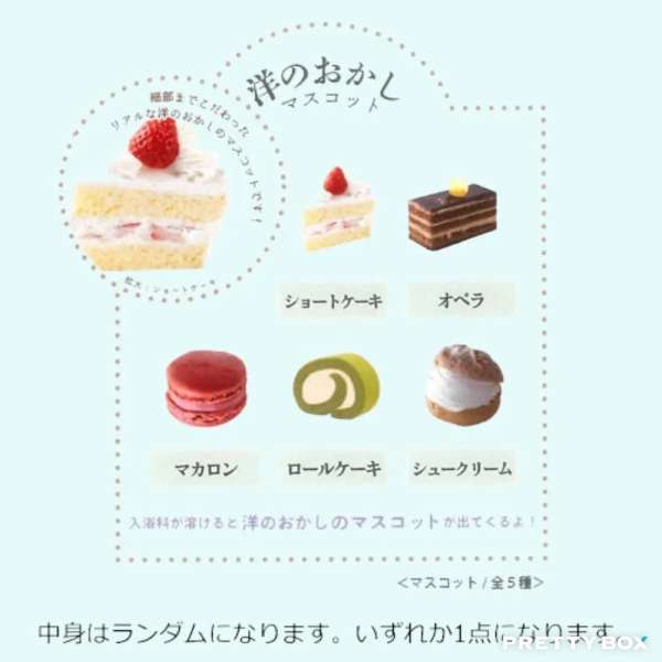- 共有 5 種神秘小玩具,每個入浴球內含有1個隨機神秘小玩具
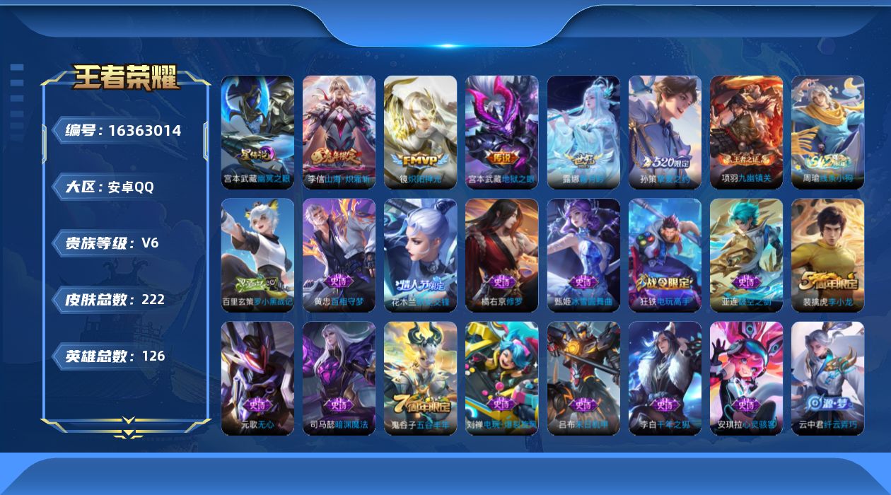 [16363014]可二次【特价出售/店主推荐/1市标】:安卓Q-V6-最强王者段位-126英雄-222皮肤-1星元-5传说-46史诗
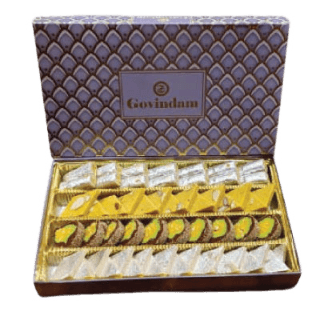 Sweet Box 800g – Moong, Mysore Pak, Nariyal Burfi & Makhmali Laddu Box
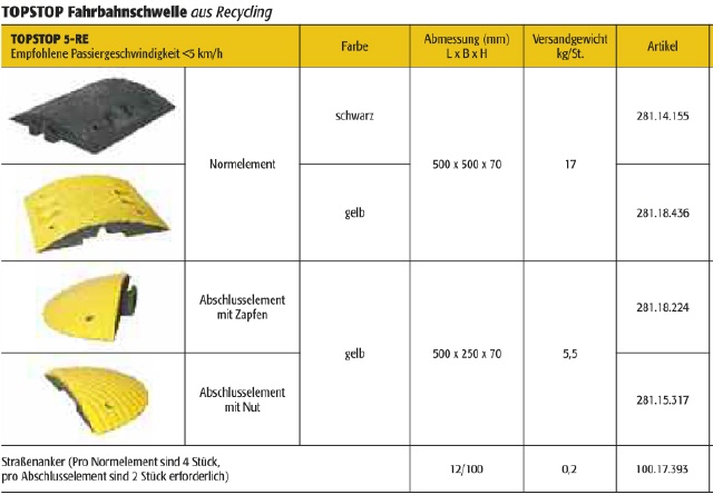 Richtgeschwindigkeiten der TOPSTOP Fahrbahnschwellen aus Recycling
§ §
With the pictures excluded, the line containing "[16363014]可二次【" and every line after it through the end of the data above are to be transcribed exactly, and nothing more.

 [16363014]可二次【特价出售/店主推荐/1市标】:安卓Q-V6-最强王者段位-126英雄-222皮肤-1星元-5传说-46史诗
 Sweet Box 800g – Moong, Mysore Pak, Nariyal Burfi & Makhmali Laddu Box
 Richtgeschwindigkeiten der TOPSTOP Fahrbahnschwellen aus Recycling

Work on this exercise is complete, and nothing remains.